Career Decision Post-INSEAD
00:02:50
Przemek
Cool. So, post-Insead, I was meant to go back to Warsaw, to McKinsey. I decided I didn't want to do that. So, I got kind of one and a half other job offers, but I also got an offer to rebound, as it was called at the time, to London. That included proper interviews. There was a bunch of us who who did that.
00:03:11
Przemek
Um, and ultimately that's where I landed. So I moved over.
00:03:14
joewaltman
Wait, but with McKinsey.
00:03:17
joewaltman
But it was kind of like applying for a new job there. You weren't guaranteed.
00:03:20
Przemek
Yeah. I mean, they really put us through the paces. Um, and it was a bunch of us doing that, um, particularly from Australia for some pizar reason, I don't quite know why they wanted to move to London, but they did.
00:03:31
Przemek
And so it was like a proper interviewing process. So I still don't know whether it was just for show so that we didn't feel too arrogant about it or whether it was proper inter interviewing, but, you know, we got the offers and moved on.
00:03:42
joewaltman
Well, I think, the quite did did anybody not make it? is that That would determine it.
00:03:46
Przemek
I don't know. I don't know. as As you know, people didn't exactly advertise the jobs they didn't get at the time.
00:03:53
Przemek
We were, we're all pretty self-conscious about that. So I don't know.
Moving to London and Private Equity
00:03:59
Przemek
um Cool. So moved. to London, um a bit of a cultural shock, a very different experience. 300 people in the office as opposed to 30 when I was in Warsaw really felt like a different firm um and really felt like an army as opposed to the pirate ships that I was used to. Much more political correctness, much more politics.
00:04:22
Przemek
um And so I had to find my little new pirate ship and I found it in in the private equity group, which was pretty much a bunch of South Africans, you know, Iranian dude, and and a bunch of Eastern Europeans.
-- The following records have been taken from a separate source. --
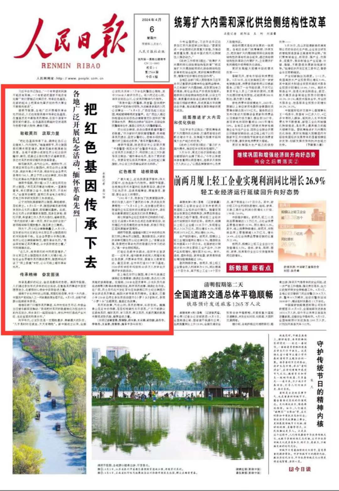 人民日報頭版頭條關(guān)注沈陽抗美援朝烈士陵園:把紅色基因傳承下去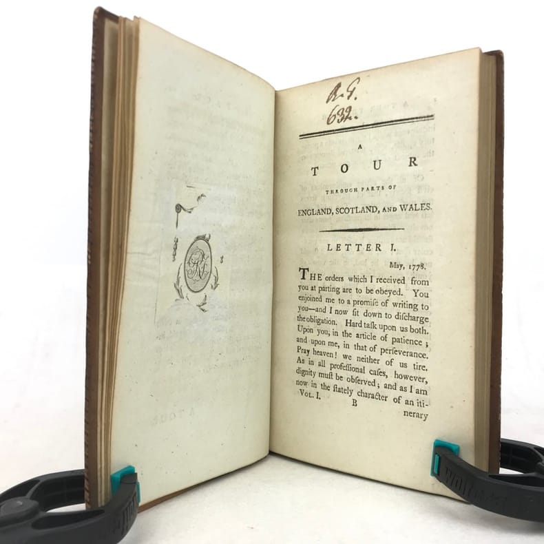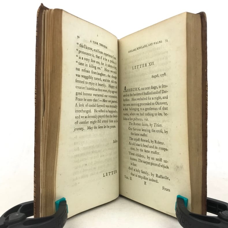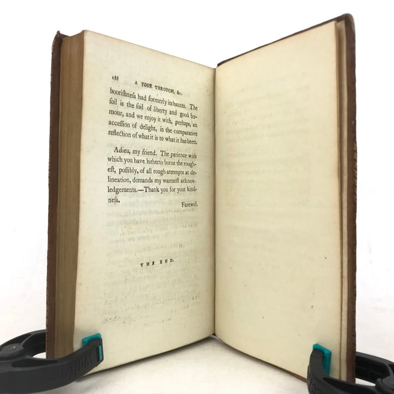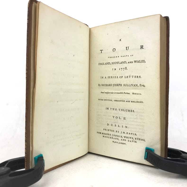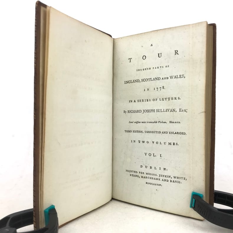 2 volumes in-12 (17,5 x 10,3 cm), veau blond (reliure de l’époque), dos lisse orné, pièce de titre de maroquin rouge et de tomaison de veau brun, roulette à froid sur les coupes, texte en anglais. vii-1 bl.-286 ; [12]-288 pages (complet). Coiffes accidentées, frottements angulaires et des plats, un mors fendu. État correct. Troisième édition, revue et corrigée, de ce “Home Tour” sous forme épistolaire. Sir Richard Joseph Sullivan, auteur de nombreux ouvrages, est né en Irlande vers le milieu du XVIIIe siècle. Il a passé une partie de sa jeunesse en Inde au service de la Compagnie des Indes orientales, puis, à son retour, il a fait un tour de Grande-Bretagne. Il a écrit A View of Nature, in Letters to a traveller among the Alps (Une vision de la nature, dans des lettres à un voyageur dans les Alpes) en 1794. Il est entré au Parlement en 1802 et a été fait baronnet en 1804. Bon exemplaire.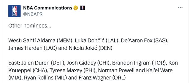 西部:阿尔达马(灰熊)、东契奇(湖人)、福克斯(马刺)、哈登(快船)、约基奇(掘金)东部:杜伦(活塞)、吉迪(公牛)、英格拉姆(猛龙)、克努佩尔(黄蜂)、马克西(76人)、鲍威尔和韦尔(热火)、罗林斯(雄鹿)、小瓦格纳(魔术)相关资讯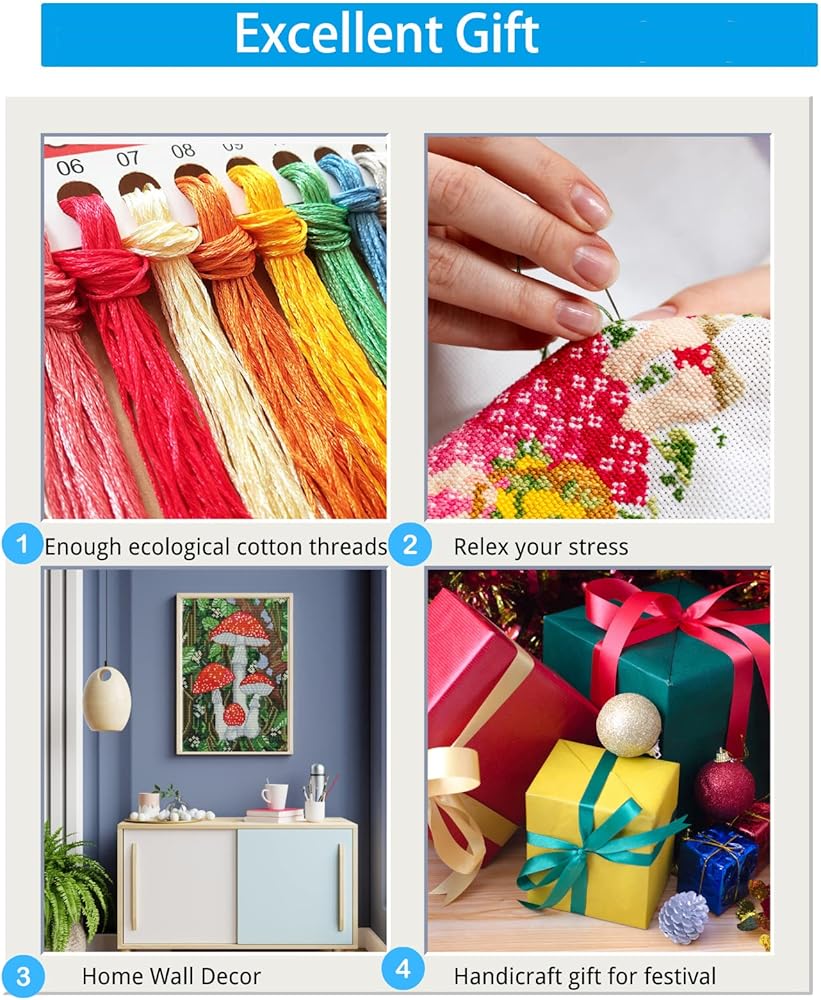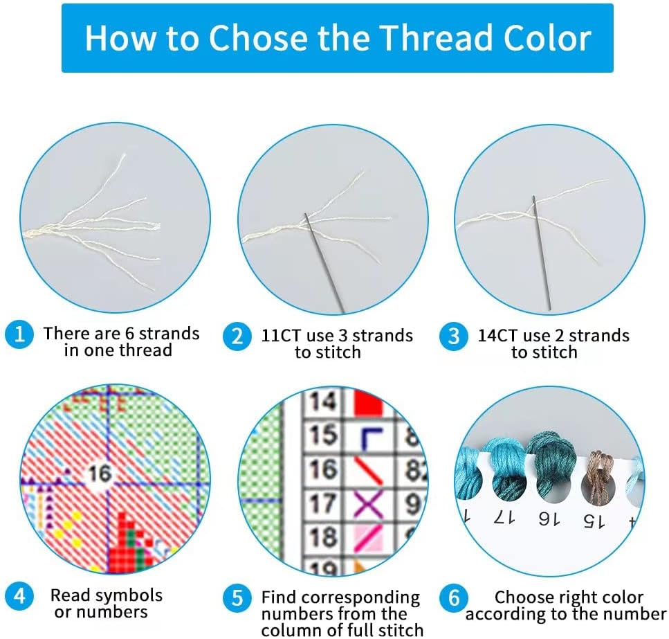 【PACKAGE】:4 Packscross needlepoint stitch kits,each piece is individually wrapped with it's own set of tools.11-count natural embroidery clothX1, all color cotton threadsX1,3 needle and English instructions X1. We provide 30% more threads than enough.It comes with all of the necessary items to help you finish the cross stitch! Note:For 11CT cross stitch, please use 3 strands of thread and 2 strands for reverse stitching.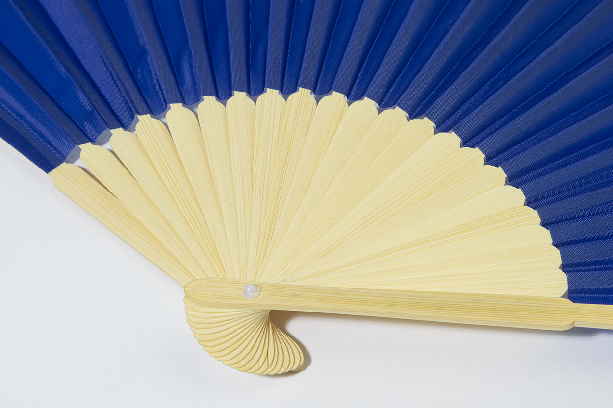 Vějíř z RPET polyesteru s bambusovými žebry.
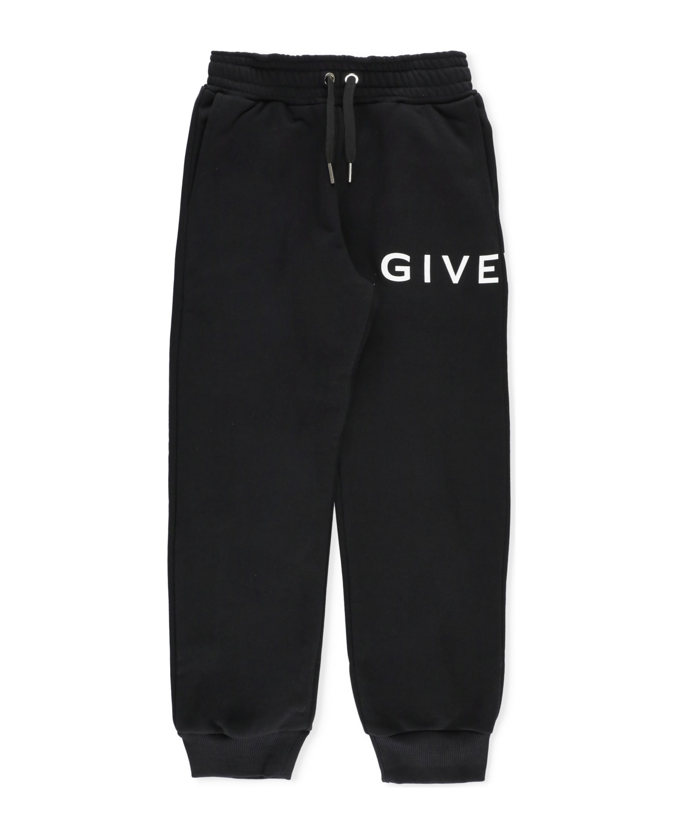 - Black Givenchy Junior cotton sweatpants for boy - Elastic waist with drawstrings - Two side slit pockets - Two rear welt pockets - Elastic ribbed hem - Side contrasting color logoed print at left leg - Rear contrasting color logoed print Composition: 86% Cotton, 14% Polyester Profiles:, 98% Cotton, 2% Elastane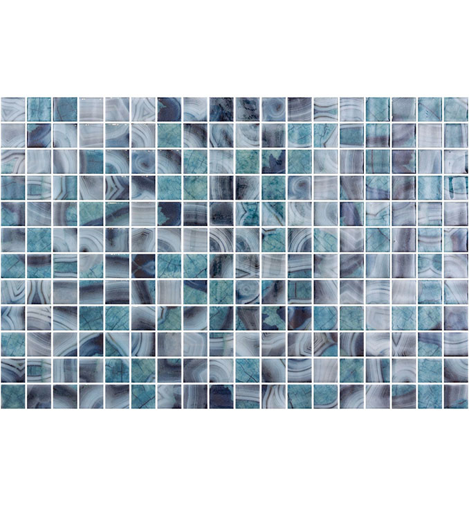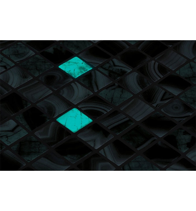 Boreno Luminis – tirkizno-sivi stakleni mozaik 25×25 mm sa sjajnom površinom i luminescentnim svetlucanjem. Lepota koja blista i danju i noću.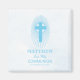 En una Primera Comunión Sagrada, un círculo rodea el centro de la cruz que representa al anfitrión. Los rayas están saliendo del centro, dando una sensación alegre en este azul de felicitaciones de la Primera Comunión, regalos, regalos y fiesta esenciales para un niño!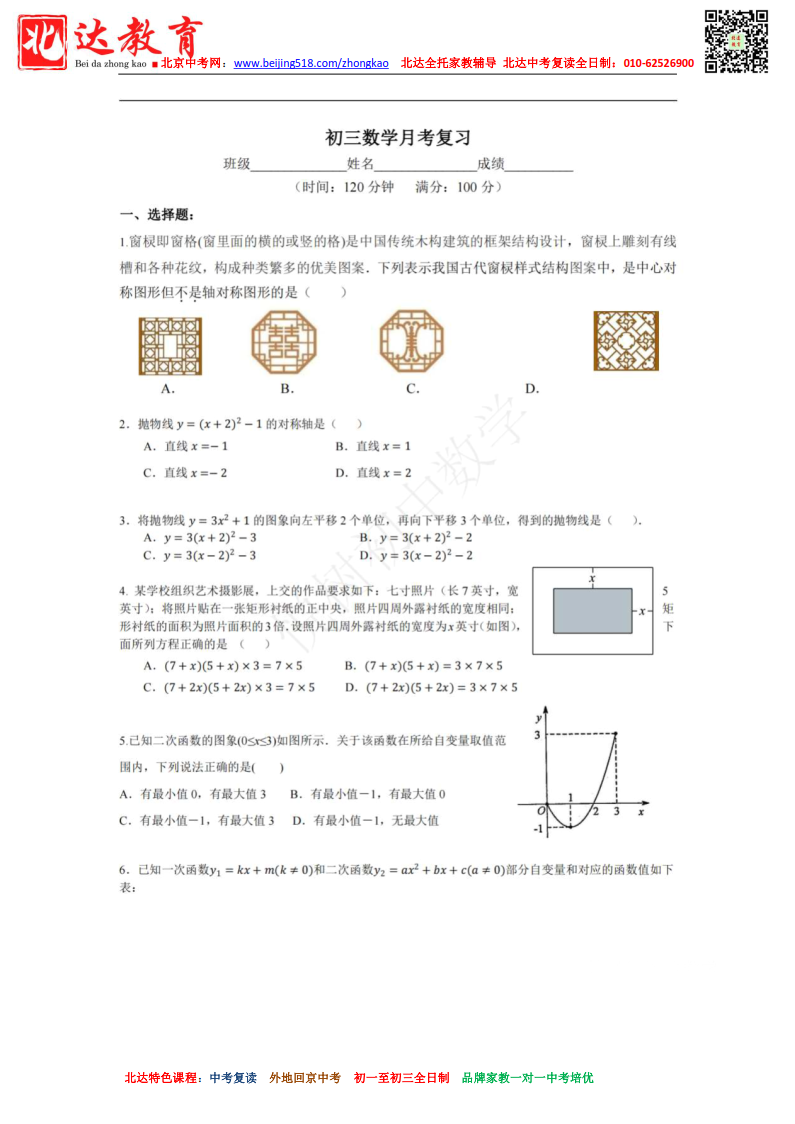 下载链接:北京市2022年-2023年13中分校初三(上)月考数学试卷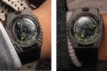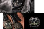 The first lies in the unusual composition of the alloy which results in a delicate patina. The bronze is then in the hands of a computer-controlled milling station that carves the pattern of scales on the top and sides of the case. The final processes, sand-blasting and Urwerk’s proprietary method of biochemical burnishing, give the watch its distinctive colour.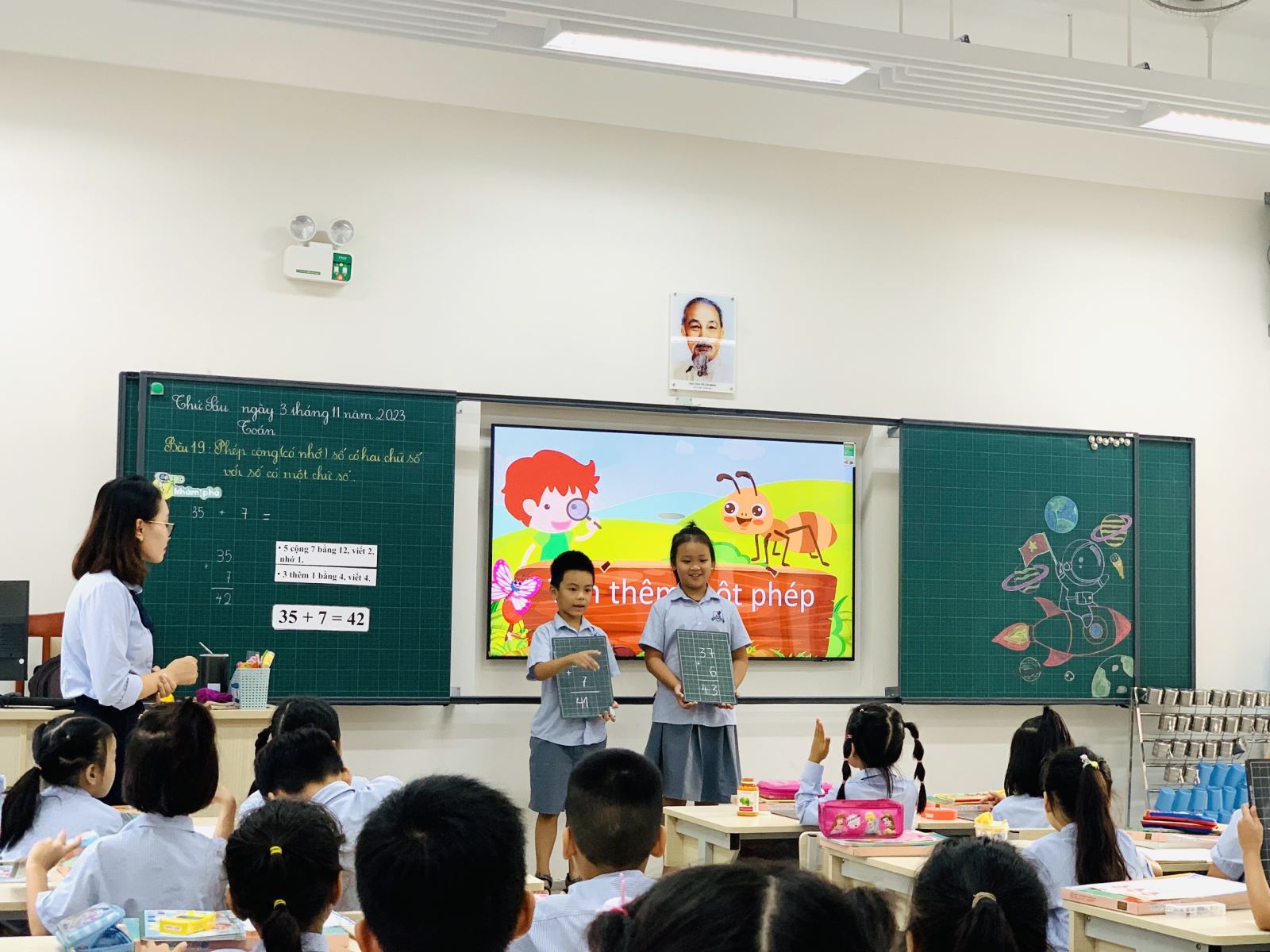 Cô giáo Vũ Mai Trâm – một giáo viên có tuổi đời và tuổi nghề còn rất trẻ nhưng đam mê, hăng say nghiên cứu bài học để có một tiết Toán mà học sinh tham gia sôi nổi các hoạt động tìm hiểu bài, giáo viên có cách dẫn dắt các hoạt động bằng clip hoạt hình hợp lí, kích thích sự tập trung của các bạn nhỏ.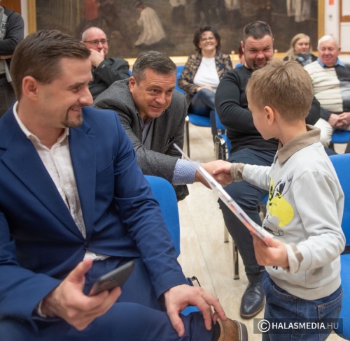 A képviselői köszöntő után Varsányi Vera állt a közönség elé idézte fel részletesen Csenki Ferenc életútját a kezdetektől. Ebből a sport és a halasi ökölvívás meghonosítása terén elért elévülhetetlen érdemei hangsúlyozása mellett személyesebb ismereteket is megosztott a jelenlévőkkel. Megismerhettük az apát, a férjet, a nagyapát és a dolgozó embert, akit hosszú földi pályája során sokféle helyzetbe és helyszínre sodorta az élet. Varsányi Vera aztán Cseh Dávidot kérte meg, hogy Szent-Györgyi Albert, egy a sportról szóló gondolatát olvassa fel. A 8 éves fiatalember, aki egyébként az ovis ökölvívó csoport egyik tagja, óriási tetszést aratott.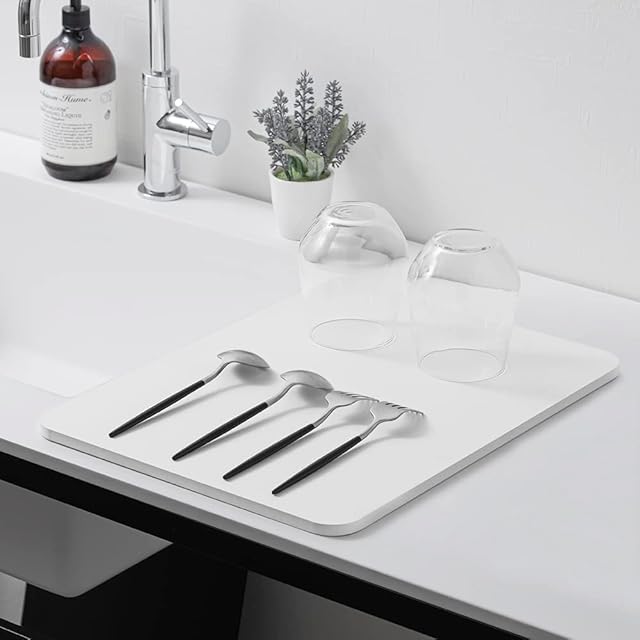 アンドエヌイー(&NE) ラバストーンドライボード LavaStone ホワイト 幅40cm×奥行30cm×高さ1cm 吸水マット 水切り 食器乾燥 速乾 天然素材 溶岩石 吸水 食器置き 自然素材 NEO-218-WH

So that's how we rolled. We worked incredibly long hours. I mean, hitting 100 hours a week was fairly normal at the time, but the job was super fun. I learned an awful a lot. I worked with an awful lot of very, very bright clients, ah but fairly quickly discovered was a really dumb way to be having a career at McKinsey. Because at the time, it was still the idea that you should have kind of um deep and counseling relationships with your clients. You really need to have two clients and a visibility for five years what you're going to do with them. Well, guess what? Private equity folks are not really into counseling, more often than not. They generally know or they at least they think what they know they want to do. And there is very little loyalty. So that was a way to
00:05:21
Przemek
work hard, learn a lot, but really not to make it department. so
00:05:25
joewaltman
Well, hold on. that's that's that's I haven't heard this. Can you explain any distinction between like what a private equity consultant at McKinsey would do versus what a normal consultant at McKinsey would do?
00:05:34
Przemek
Oh, so we would basically work on diligence assignments more often than not. And that meant there is a, typically a process, a private equity shop has been working on it sometimes for a year, they go into stage two of the process when they are free to spend the money. And suddenly, you know, you got parachute, you get parachuted into the situation with a bunch of so-called experts who might be more or less expertise.
00:05:59
Przemek
But basically, in three weeks, you need to learn enough about the business to be able to say something meaningful meaningful to your client, who may have spent a year on this and actually they' are pretty switched on to start with.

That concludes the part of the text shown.